RRBS involves digestion of genomic DNA with methylation sensitive restriction enzymes, size selection bisulfite conversion and library amplification.20 It targets bisulfite sequencing to a well-defined set of genomic regions with moderate to high CpG density.21 The resulting DNA library is sequenced using NGS approaches. Reads are aligned to the genome and the % methylation values are calculated from the ratio of reads containing an unconverted cytosine at the CpG positions compared with reads containing a thymine.

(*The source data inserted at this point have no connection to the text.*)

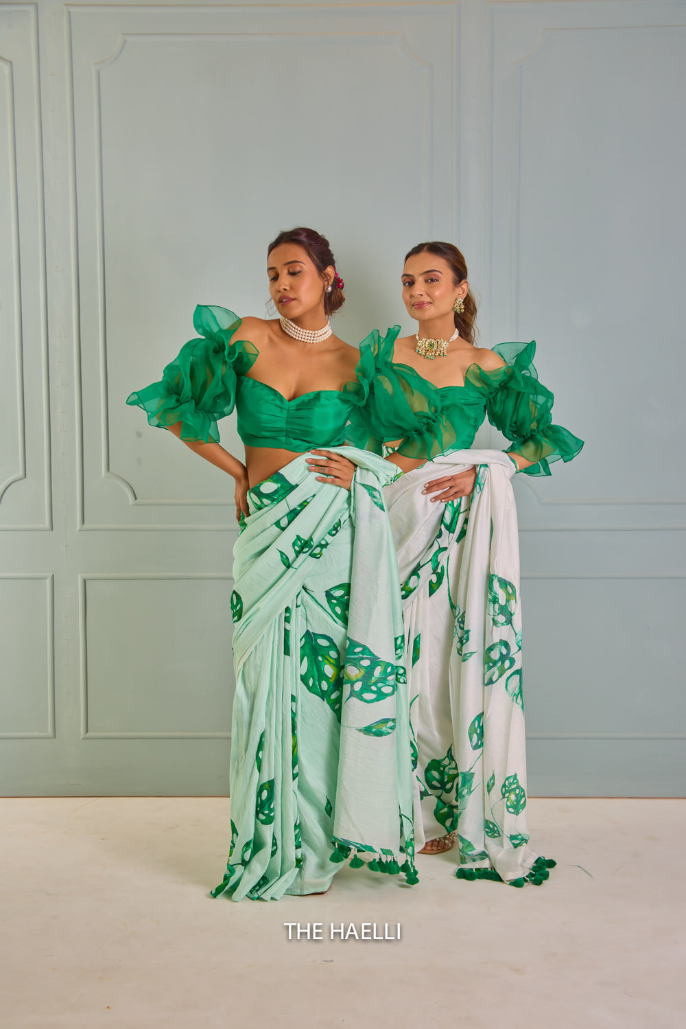 PS: Predraped sarees come with front stitched pleats with adjustable waist hooks which fits S to XL (28 to 38 inches) waist. Please mention your waist size in note section if you wish to size up or down. Height of the saree is un touched, can be adjusted by tucking in the underskirt. Underskirt not included with predrape.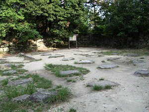 | 伝羽柴秀吉邸跡。大手口の両脇には屋敷地が並んでいる。 | 黒金門の枡形。ここを上がると長谷川秀一邸の跡である。 |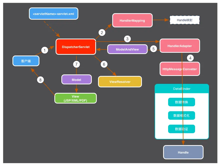 上面的图,只需要看步骤1和步骤2和步骤3. hello.action的请求后缀为action,根据servlet-mapping的url-pattern映射到名为springmvc的DispatchServlet上,大体就是这么个流程。现在的Spring Boot默认配置 只有一个 DispatchServlet,对于静态资源后缀的请求,需要自己做额外的配置,可以参考这篇文章.

Good agreement between methylation values produced by the Infinium 27K array and RRBS has been observed before in homogeneous cell line samples.22 Comparison of CpG % methylation values from genomic DNA from the HUES6 human ES cell line assayed by the Infinium 27K array and RRBS returned a Pearson’s r value of 0.92.

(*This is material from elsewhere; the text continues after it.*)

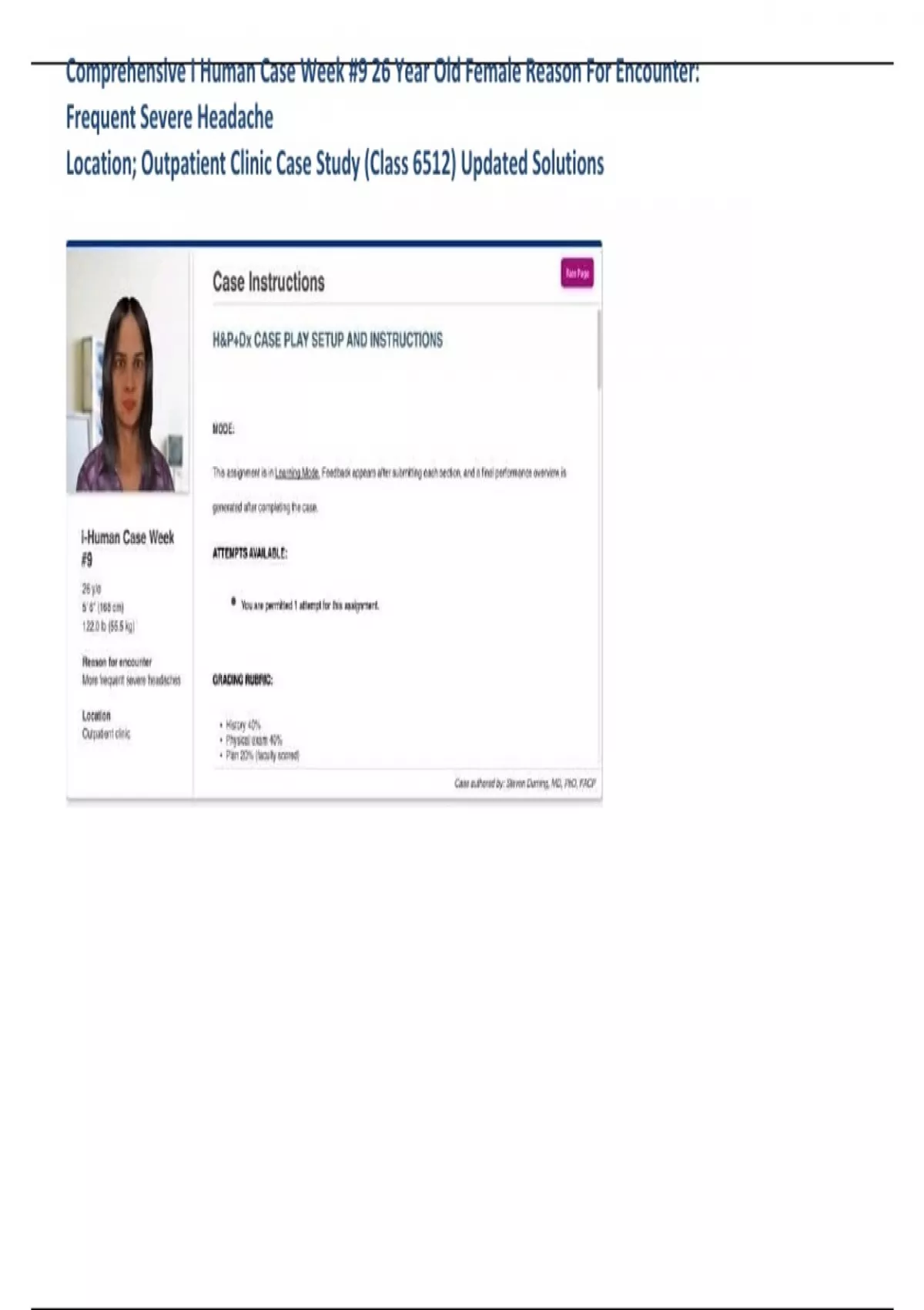 ,Comprehensive I Human Case Week #9 26 Year Old Female Reason For Encounter:

Here we study the concordance of methylome profiles generated by the new Infinium 450K array and a modified RRBS methodology in heterogeneous clinical samples, such as may be included in a EWAS study. We find good levels of concordance in the raw data. Agreement between the two techniques is greatly improved by careful processing of the Infinium 450K data to correct known limitations. The newly developed analysis methods are described and new code is made available to the research community. We believe that the results described here are useful to researchers selecting methylome measurement methodologies for EWAS experiments and processing Infinium 450K data from such studies.

Results

CpG Coverage on heterogeneous clinical samples is relatively stable between samples, and technologies overlap by an average of 64,951 CpGs per sample. Methylome data was generated using both Infinium 450K array (n = 72) and RRBS methodology (n = 7) (see Table S1 for sample characteristics and Table S2 for schematic).

The raw data from both methodologies in the seven common samples with no quality cut-offs were compared for CpG coverage (Table 1). The average number of CpGs covered (at any read depth) in the seven samples by RRBS was 6,052,399 (SD = 496,344) and the average number of CpGs shared by both Infinium 450K and RRBS was 104,335 (SD = 8,602). When a read density cut-off of four or more reads was applied to the RRBS data, the average number of CpGs covered was reduced to 2,808,469 (SD = 167,495) and the average number of CpGs shared by both Infinium 450K and RRBS was 64,951 (SD = 3,911).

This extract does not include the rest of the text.